### LISTED RECORDS
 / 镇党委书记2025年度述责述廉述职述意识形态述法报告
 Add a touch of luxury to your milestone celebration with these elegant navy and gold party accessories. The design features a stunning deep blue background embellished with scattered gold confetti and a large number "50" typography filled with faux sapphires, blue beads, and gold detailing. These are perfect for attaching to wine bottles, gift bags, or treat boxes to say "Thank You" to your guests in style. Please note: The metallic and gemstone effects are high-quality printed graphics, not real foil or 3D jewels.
--
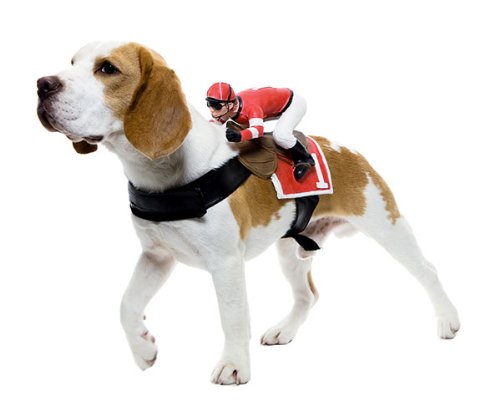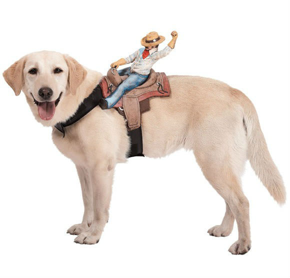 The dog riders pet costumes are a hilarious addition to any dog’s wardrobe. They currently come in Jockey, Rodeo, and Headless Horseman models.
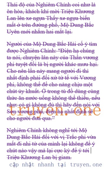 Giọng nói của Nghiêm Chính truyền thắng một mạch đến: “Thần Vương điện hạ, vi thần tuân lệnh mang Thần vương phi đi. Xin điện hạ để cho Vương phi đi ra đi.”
---
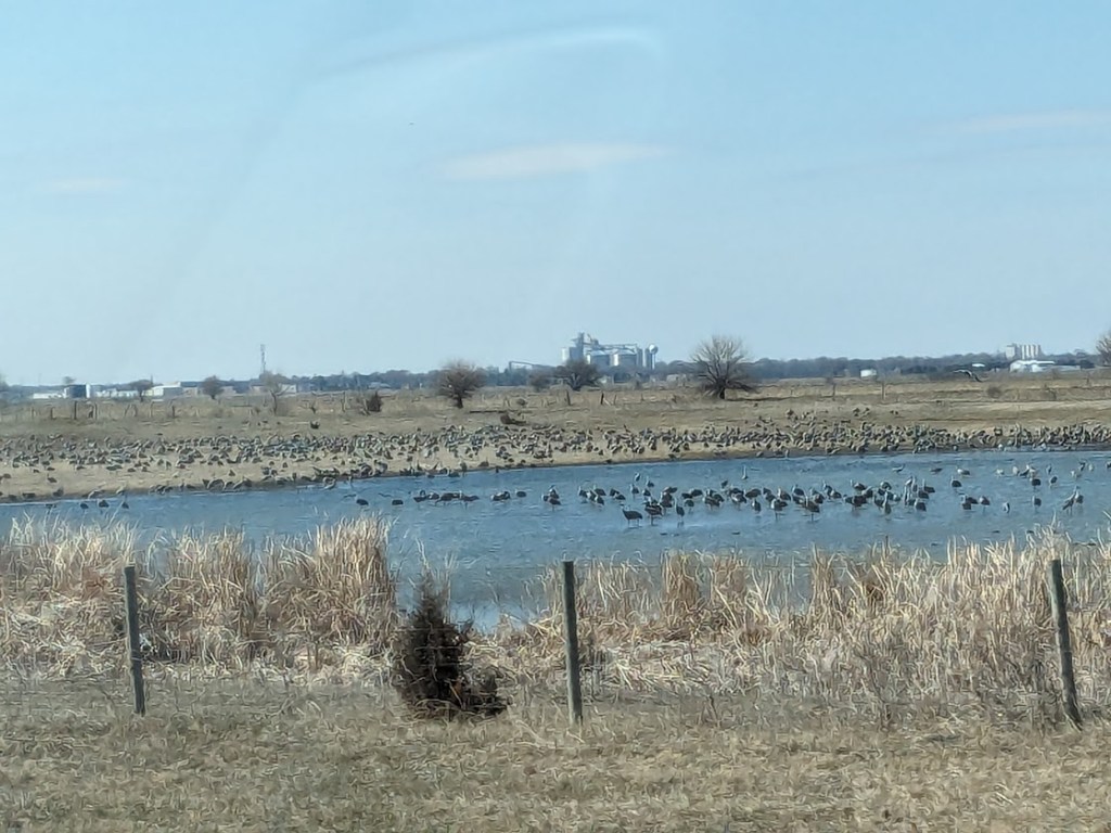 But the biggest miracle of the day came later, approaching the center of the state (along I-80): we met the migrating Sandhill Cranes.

### PROBLEM DETAILS
Above, find the line with "The dog riders"; copy it and every line down to the line with "Giọng nói của", exactly and both included, but no pictures.

### REPLY TO THE TASK
 The dog riders pet costumes are a hilarious addition to any dog’s wardrobe. They currently come in Jockey, Rodeo, and Headless Horseman models.
 Giọng nói của Nghiêm Chính truyền thắng một mạch đến: “Thần Vương điện hạ, vi thần tuân lệnh mang Thần vương phi đi. Xin điện hạ để cho Vương phi đi ra đi.”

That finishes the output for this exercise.